Let $\displaystyle f: \mathbb{R} \rightarrow \mathbb{R}$ have a third derivative that exists at all points. Show that there must exist at least one point $\displaystyle \xi$ for which
$\displaystyle f(\xi)f^{'}(\xi)f^{''}(\xi)f^{'''}(\xi) \geq 0$
Let $\displaystyle f: \mathbb{R} \rightarrow \mathbb{R}$ have a third derivative that exists at all points. Show that there must exist at least one point $\displaystyle \xi$ for which
$\displaystyle f(\xi)f^{'}(\xi)f^{''}(\xi)f^{'''}(\xi) \geq 0$
Hmm
Restrict the function to $\displaystyle f:[a,b] \rightarrow \mathbb{R}$, where $\displaystyle f, f^{'}, f^{''}$ are increasing in that interval and $\displaystyle f(x) \geq 0$ for $\displaystyle x \in [a,b]$. Since $\displaystyle f$ is continuous, by MVT, there exists $\displaystyle c \in [a,b]$ such that $\displaystyle \frac{f(b)-f(a)}{b-a} = f^{'}(c)$. Then $\displaystyle f^{'}(c) \geq 0$. Since $\displaystyle f^{'}$ is continuous, by MVT, there exists $\displaystyle d \in [c,b]$ such that $\displaystyle \frac{f^{'}(b)-f^{'}(c)}{b-c} = f^{''}(d)$. Then $\displaystyle f^{''}(d) \geq 0$. Since $\displaystyle f^{''}$ is continuous, by MVT, there exists $\displaystyle \xi \in [d,b]$ such that $\displaystyle \frac{f^{''}(b)-f^{''}(d)}{b-d} = f^{'''}(\xi)$. Then $\displaystyle f^{'''}(\xi) \geq 0$. Since $\displaystyle f, f^{'}, f^{''}$ are increasing in that interval, therefore $\displaystyle f^{'}(\xi) \geq f^{'}(c)$ and $\displaystyle f^{''}(\xi) \geq f^{''}(d)$. These imply that $\displaystyle f(\xi), f^{'}(\xi), f^{''}(\xi), f^{'''}(\xi) \geq 0$. Hence the conclusion holds.

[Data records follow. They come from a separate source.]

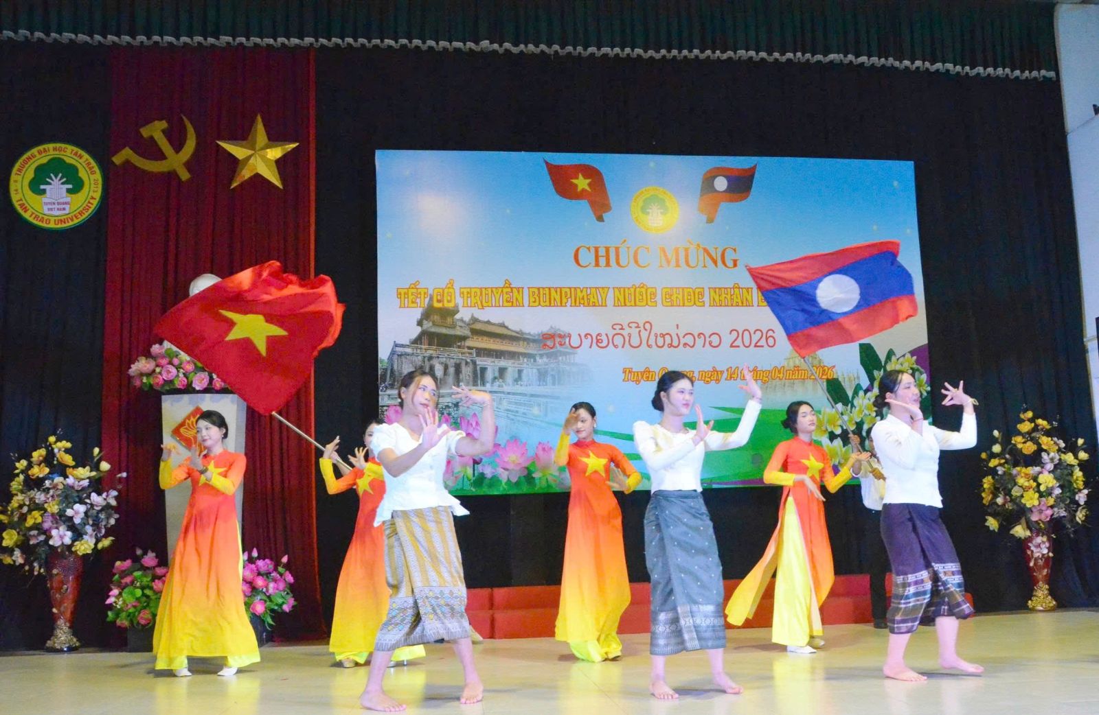 Hiệp hội Doanh nghiệp tỉnh Tuyên Quang vừa tham gia Chương trình chào mừng Tết Bunpimay do Trường Đại học Tân Trào tổ chức, đồng thời trao tặng nhiều phần quà ý nghĩa tới các lưu học sinh Lào đang học tập tại trường.
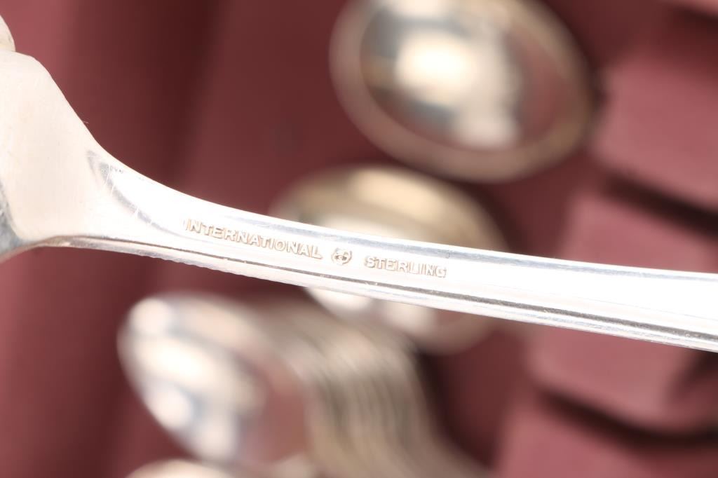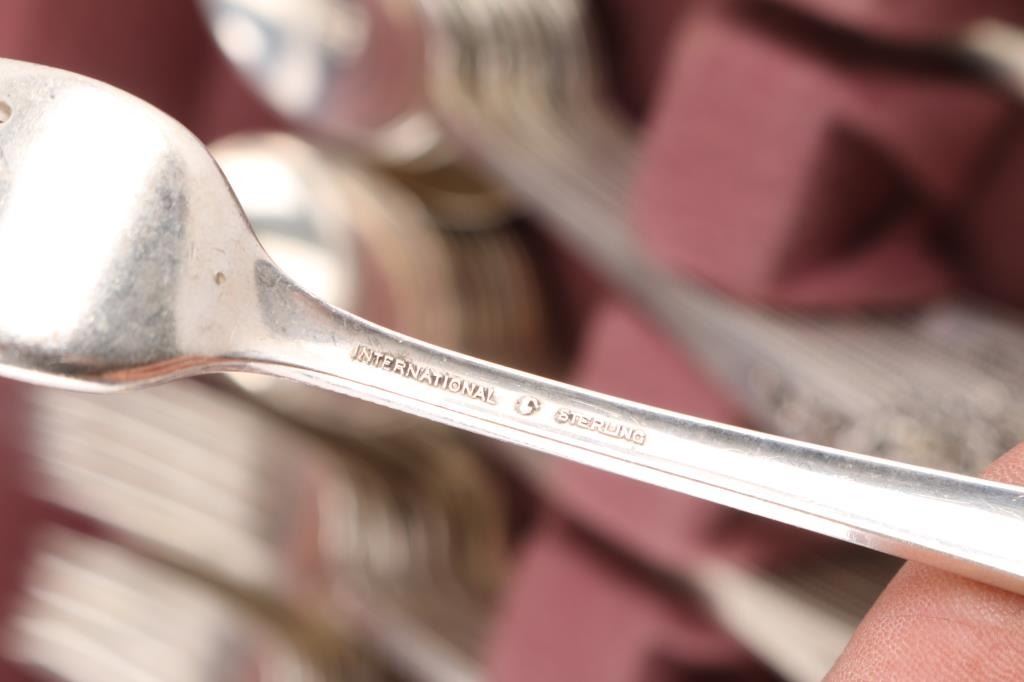 International sterling silver table service in "Lucerne Lace" pattern. Consists of: 10 knives, 10 forks, 16 salad forks, 9 soup spoons, 16 tea spoons, 1 extra large serving spoon, 3 serving spoons, 2 cake knives (1 large, 1 small), 1 ladle spoon, 1 straining spoon, 1 carving knife & fork set, 1 large salad fork, 1 odd spoon, 3 butter knives, 2 handle w/ broken wood tongs, 1 olive size serving fork.
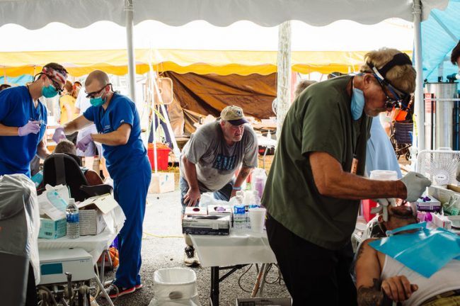 All around Smith were uninsured patients receiving free dental or medical care, including dozens of men and women in side-by-side dental chairs in the open air. Organizers mercifully arranged the long line of people waiting to have teeth pulled so that they were facing away from those currently enduring extractions.
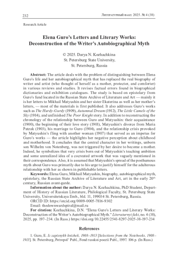 Статья посвящена проблеме разграничения писательницы и художницы Елены Гуро и автобиографического мифа (репрезентации себя как матери-созидательницы-заступницы), заместившего ее реальный облик в критических и научных работах. Мы указываем на ряд фактических ошибок в изложении биографии писательницы в специализированных словарях и тематических каталогах. Опираясь на материалы из фонда Гуро в РГАЛИ, многие из которых привлекаются впервые (письма к художнику и музыканту Михаилу Матюшину, к сестре Екатерине и послания от матери Гуро), мы исследуем негативное восприятие писательницей детства и материнства, связанное с фиксацией на творчестве, а также восстанавливаем историю взаимоотношений Гуро и Матюшина, датируя и комментируя такие важные этапы, как начало их близкого общения (1901 г.), бракоразводный процесс Матюшина с Марией Патцак (1903 г.), женитьба на Гуро (1904 г.) и кризис семейной жизни (1907 г.), послуживший основным импульсом творчества Гуро. В статье исследуются тексты из книг «Шарманка», «Осенний сон», «Небесные верблюжата», а также неоконченная повесть «Бедный рыцарь». Сопоставление эпистолярного и художественного наследия писательницы позволяет нам сделать вывод о том, что центральный для творчества Гуро образ «бесплотного» сына появился не как компенсация несостоявшегося материнства, но как следствие кризиса ее отношений с Матюшиным, возникших благодаря педагогическим амбициям художника и некоему невоплощенному творческому замыслу, на который в письмах Гуро даются только неясные намеки. Развитие Матюшиным посмертного мифа о Гуро связывается с желанием художника оправдать его сближение с писательницей, быстро обретшее форму адюльтера и сопровождавшееся сложным бракоразводным процессом с первой женой.
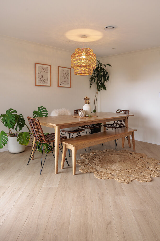 The homeowners wanted a natural timber look and opted for a high quality laminate after discussing their needs. With two dogs and large north-facing sliders leading to the deck, they required a floor that was durable, scratch-resistant for pets, and sun-fade resistant to withstand daily sun exposure. The Perspective Nature Brushed Oak Natural Laminate Flooring by Quick-Step ticked all the boxes for the perfect fit for performance, texture and colour.
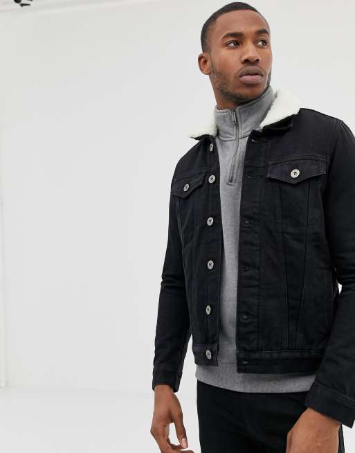 Mens black borg lined denim hot sale jacket
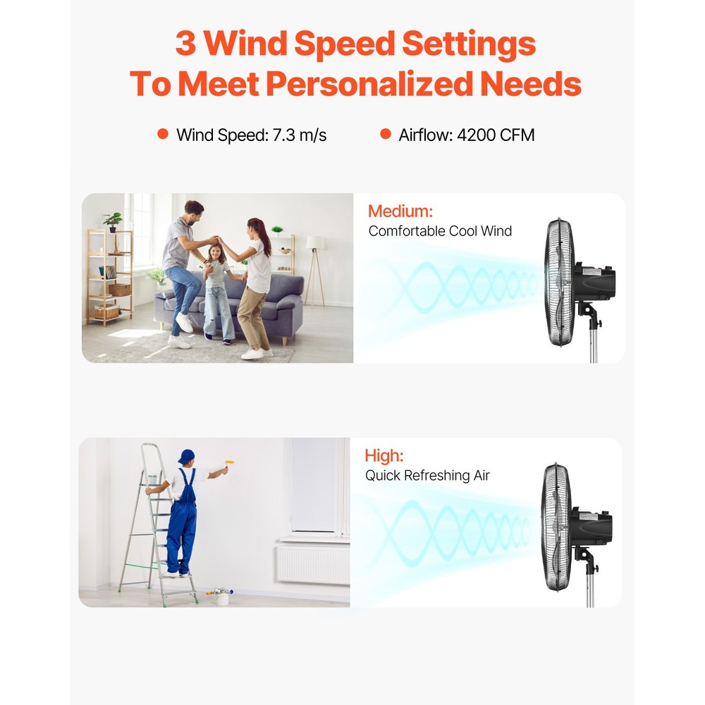 Heavy-Duty Industrial Pedestal Fan This tower fan features a durable metal construction and a stable base, designed to prevent accidental tipping. It operates quietly with a 3-speed motor, offering adjustable height and oscillation angles to suit your preferences. The fan is equipped with a protective mesh cover, making it a practical choice for staying cool during the summer months. Whether you're working at a desk, relaxing on the couch, or enjoying a movie night, this room fan allows you to effortlessly adjust its vertical and horizontal angles, as well as its height, ensuring a comfortable temperature tailored to your needs. This fan features a durable metal construction designed to provide consistent airflow, even during extended periods of high-speed use. Its stable base helps prevent vibrations and reduces the likelihood of accidental tipping. This portable pedestal fan is designed for effortless mobility, making it simple to transport cool air to various locations. Whether you're in the living room, workspace, or storage area, you can enjoy a comfortable and refreshing airflow in any setting. To perform regular upkeep, start by switching off the power supply. Use a damp cloth or mild soapy water to clean the fan thoroughly. Once cleaned, dry the fan using a cloth or allow it to air dry naturally. Features & Details Durable Motor Design: This industrial pedestal fan is equipped with a reliable dual-ball bearing motor that delivers consistent airflow while ensuring operational stability. Additionally, it includes a thermal protection feature that automatically shuts off the fan to prevent overheating during extended use. Customizable Airflow Options: This pedestal fan features three adjustable speed settings, enabling you to adapt the airflow to your needs—whether for sleeping, unwinding, or engaging in indoor activities. Delivering a robust airflow of 5400 CFM and a wind speed of 7.5 m/s, it ensures a comfortable and refreshing environment. 65.62 ft Airflow Reach: This floor fan is designed with a manually adjustable vertical angle that rotates 360°, allowing you to customize the airflow direction to suit your cooling preferences at various heights. Its extended airflow range efficiently cools large spaces, making it ideal for wide areas. Adjustable Height: This fan features a height range of 46.9 to 59.6 inches, enabling you to tailor its position to suit your indoor activities or workspace requirements. Effortless Setup: A comprehensive set of installation tools is included, allowing you to assemble the fan right away without requiring extra equipment. Built with sturdy materials, the fan is designed for dependable performance and extended durability. SHIPPING ABOUT US PAYMENT RETURNS CONTACT WARRANTY Welcome to our eBay store. As a leading and emerging company in manufacturer and exporting business, we are specialized in Business and Industrial Products, Sporting Goods, Pet Products, Home and Garden products for more than 10 years. We believe that it is our vision and mission to provide innovative products with best service and competitive price to satisfy you. Our goal is to make sure that you can find exactly what you are looking for and make it easy for you to place your orders. We accept PayPal payment,PayPal Credit,Credit card or debit card and so on. Payment should be completed within 4 (Four) days of auction closing. Or unpaid dispute will be filed for closing auction. We will leave a positive feedback immediately after payment is received. We appreciate a positive feedback as much as you do. If for some reason there is any issue with the purchase, please contact us prior to leaving feedback, we will be glad to work together and provide a satisfying solution. Please be aware that PO Box cannot receive items, please DO NOT fill in the PO Box address. DELIVERY DAYS: 3-7 BUSINESS DAYS 3 BUSINESS DAYS SHIPPING OUT SHIP FROM CA & TX & NJ & GA & NC &OR WAREHOUSE California Warehouse: City of Industry, CA Texas Warehouse : Houston, TX New Jersey Warehouse : Perth Amboy, NJ New York State Warehouse: Perth Amboy, NJ Georgia Warehouse: Austell,GA North Carolina Warehouse: Grove NC Oregon Warehouse: AIRPORT WAY Portland,OR All of our items are backed with a 30-day return policy. We ensure all our items are new and in excellent condition prior to shipping. In case you receive the item that is not to the standards above, please contact us via e-Bay messages. All returns must be in new original condition as received and should be shipped with delivery confirmation Please note that all returns must be pre-approved by us. Unauthorized returns will not be accepted. If you need to return, please check twice to confirm the item not work and contact our customer service representative, let us know the detailed problem and send us some pictures for confirmation. We ONLY accept returns with original package. Please make sure that item has NO man-made sabotage. Used items will not be accepted for return. Email Customer Support: 9:00am-2:00am PST Sunday-Friday All emails will be responded to within 12-24 hours This item comes with 12 months Warranty from the date of customers purchased it. Special circumstances will be listed clearly in the listing. If your item has been damaged in transit or become faulty in warranty period, please email us with pictures or video to show the problem. Please do check everything carefully after you received the parcel, any the damage except DOA (Dead-On-Arrival) would not be covered if it's your fault. Replacement products are provided with the same warranty as the returned products. Heavy-Duty Industrial Pedestal Fan This tower fan features a durable metal construction and a stable base, designed to prevent accidental tipping. It operates quietly with a 3-speed motor, offering adjustable height and oscillation angles to suit your preferences. The fan is equipped with a protective mesh cover, making it a practical choice for staying cool during the summer mon

This could be one possible case out of so many different cases. Anyway, is this particular proof correct?
Please advise. Thank you.
Here are some vague thoughts, which you may be able to convert into a proof.
First, if any one of the four functions $\displaystyle f,\ f',\ f'',\ f'''$ vanishes at some point $\displaystyle \xi$, then $\displaystyle f(\xi)f'(\xi)f''(\xi)f'''(\xi) = 0$ and so the result is proved. It follows from the intermediate value theorem that each of the (continuous) functions $\displaystyle f,\ f',\ f''$ always has the same sign. By Darboux's theorem the same is true for $\displaystyle f'''$.
Replacing $\displaystyle f$ by $\displaystyle -f$ if necessary, you can assume that $\displaystyle f$ is always positive
Now suppose that $\displaystyle f'$ is always negative. By considering what happens as $\displaystyle \xi\to\infty$, show that $\displaystyle f''$ must be positive. The same argument, repeated, will show that $\displaystyle f'''$ is negative. Therefore the product $\displaystyle ff'f''f'''$ must be positive.
By considering what happens as $\displaystyle \xi\to-\infty$, use the same ideas to show that if $\displaystyle f'$ is positive then all four functions must be positive, hence so is their product.